Grossman: Das WASC ist eine internationale Gruppe, die sich aus Experten, Branchenfachleuten und Vertretern von Unternehmen und Behörden zusammensetzt. Wir kümmern uns um die Entwicklung von Standards und Best Practices für die Sicherheit von Webapplikationen. So legen wir beispielsweise Kriterien für die Bewertung von Firewalls fest , unterhalten ein offenes Diskussionsforum und informieren über die vielfältigen Facetten des Themas.

Das WASC organisiert verschiedene branchenspezifische Projekte wie die „Threat Classification“ oder die „Web Hacking Incident Database“ und veröffentlicht regelmäßig technische Informationen und Artikelbeiträge , Sicherheitsrichtlinien sowie andere Dokumentationen . Außerdem halten wir sämtliche Marktteilnehmer über Fragen der Webapplikationssicherheit auf dem Laufenden – aus einer von Softwareunternehmen unabhängigen Perspektive.
Die Tätigkeit des WASC wirkt sich schon jetzt positiv auf Softwareentwicklung, Schwachstellenbewertung und zukunftsorientiertes Denken aus. Beispiele dafür sind zentrale Lager für sichere „Code Snippets” – das sind einzelne Codeausschnitte – oder „Proof of Concept“-Attacken. Bei diesen Attacken wird ein Exploit – ein Programm, das eine Sicherheitslücke in einem Computersystem ausnutzt – oftmals zu bloßen Demonstrationszwecken geschrieben und veröffentlicht. Dadurch soll erreicht werden, dass Hersteller von Software möglichst schnell auf bekannt gewordene Sicherheitslücken reagieren.

Sie sind einer der Gründer des Konsortiums. Wie ist die Idee entstanden, eine solche Gruppe ins Leben zu rufen?

Grossman: Als es noch keine Organisation gab, wussten Branchenneulinge nicht, an wen sie sich wenden sollten, es gab keine Standards für Best Practices, und gemeinsamen Projekten fehlte die Basis. Robert Auger – ein bekannter Fachmann für Schwachstellen im Bereich der Webapplikationssicherheit sowie Vorstandsmitglied und Direktor des WASC – und ich suchten damals einen Weg, um diese Probleme zu lösen: einen Ort, an dem Experten und andere an Webapplikationssicherheit Interessierte gemeinsam an Projekten arbeiten und Fragen diskutieren können, die ihnen am Herzen liegen. Dieses Konzept stieß auf breite Zustimmung. Im Januar 2004 haben wir mit Unterstützung einiger Organisationen und anerkannter Experten, etwa Caleb Sima, Ryan Barnett, Yuval Ben-Itzhak, Sverre Huseby oder Amit Klein, das WASC gegründet und eine Reihe von Grundprinzipien festgelegt.

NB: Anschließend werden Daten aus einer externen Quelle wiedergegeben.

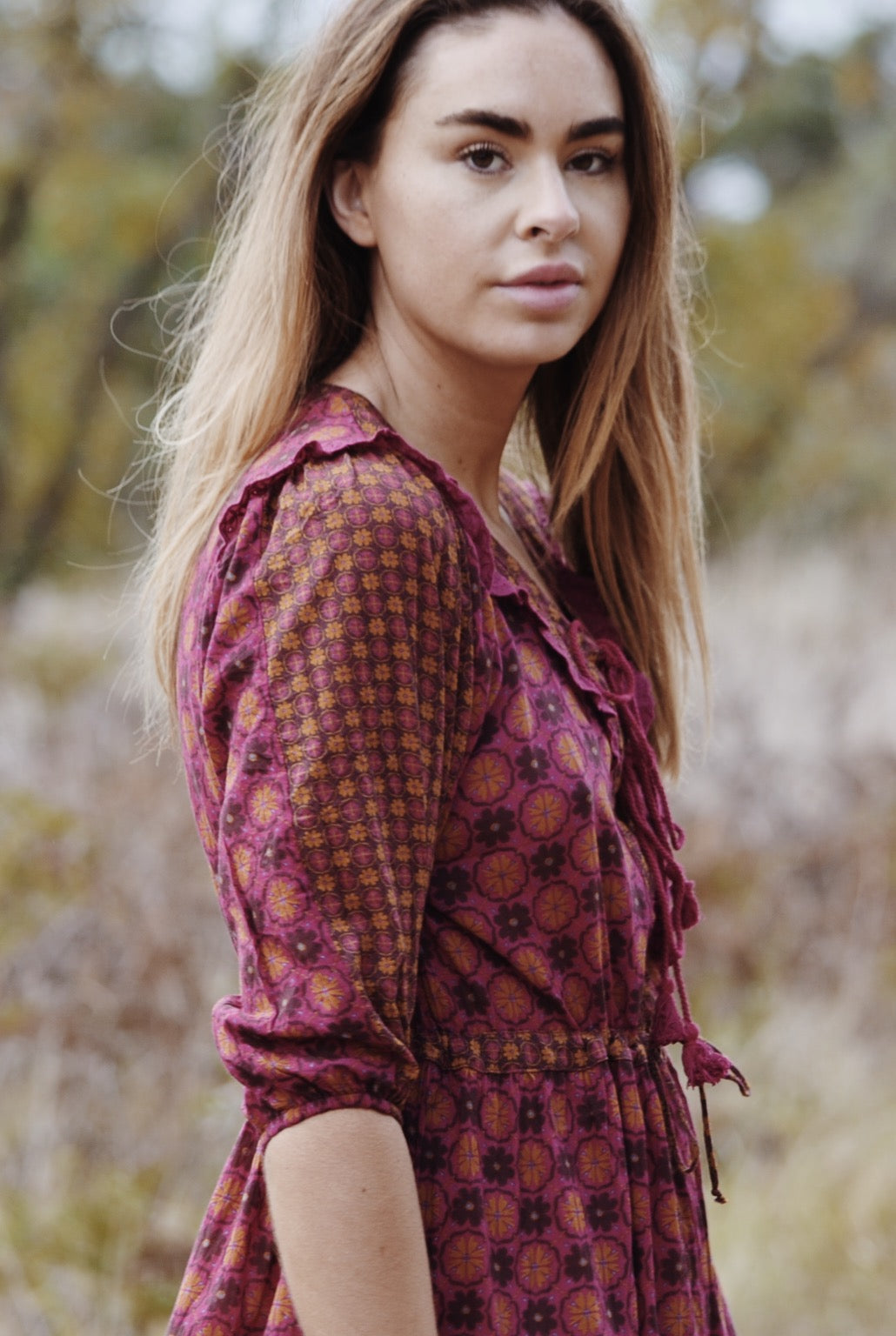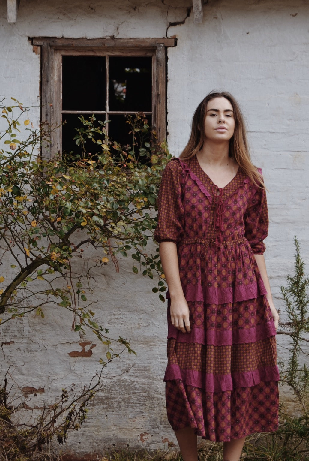 100% cotton. The perfect combination of English country meets bohemian beauty, this style will be your excuse to run through paddocks and laze underneath big old oak trees day dreaming and reading. Beautifully soft and feminine with cotton lace frill detailing along the neckline as well as along tiered skirting. The cotton tassel tie front makes for easy breast feeding followed by a self tie waist which can be cinched to your liking, flowing through to a figure flattering flowing skirt.

Wer gehört dem Konsortium heute an?

Grossman: Softwareentwickler, Führungskräfte, Manager und andere, die sich für das Thema interessieren. Das WASC funktioniert als Meritokratie mit einer hierarchisch organisierten Struktur aus Mitgliedern, Direktoren, Ausschuss- und Vorstandsmitgliedern. Die Organisationsstruktur dient als Rahmen für die Aktivitäten des Konsortiums. Wir passen ihn immer wieder an, denn da das WASC allen Interessenten offen steht, wachsen wir ständig.

Welche Probleme können bei der Nutzung von Webapplikationen auftreten?

Grossman: Bei Webapplikationen sehen Softwareentwicklung und mögliche Bedrohungsszenarien grundlegend anders aus als bei herkömmlicher Software. Wenn man heute Software über das Internet zur Verfügung stellt, haben potenziell hunderte von Millionen Menschen darauf Zugriff. Die überwiegende Mehrheit nutzt die Software für den vorgesehenen Zweck; andere hingegen sind nicht so nett. Das Umfeld bietet viele Möglichkeiten für neue Angriffsarten wie Cross-Site Scripting (XSS) und SQL Injection, die in dieser Art vorher nicht existierten. Zudem haben sich bereits existierende Softwaresicherheitslücken exponentiell vergrößert. Nie zuvor stand Software auf einen Schlag über 700 Millionen Anwendern zur Verfügung. Eine einzige Schwachstelle oder ein einziger Programmfehler, beispielsweise ein Webwurm, kann sich verheerend auswirken. Doch immer mehr Organisationen wie Unternehmen oder Behörden verlassen sich bei ihren Geschäftsvorgängen auf Webapplikationen. Der Schutz der sensiblen Daten wird daher immer wichtiger.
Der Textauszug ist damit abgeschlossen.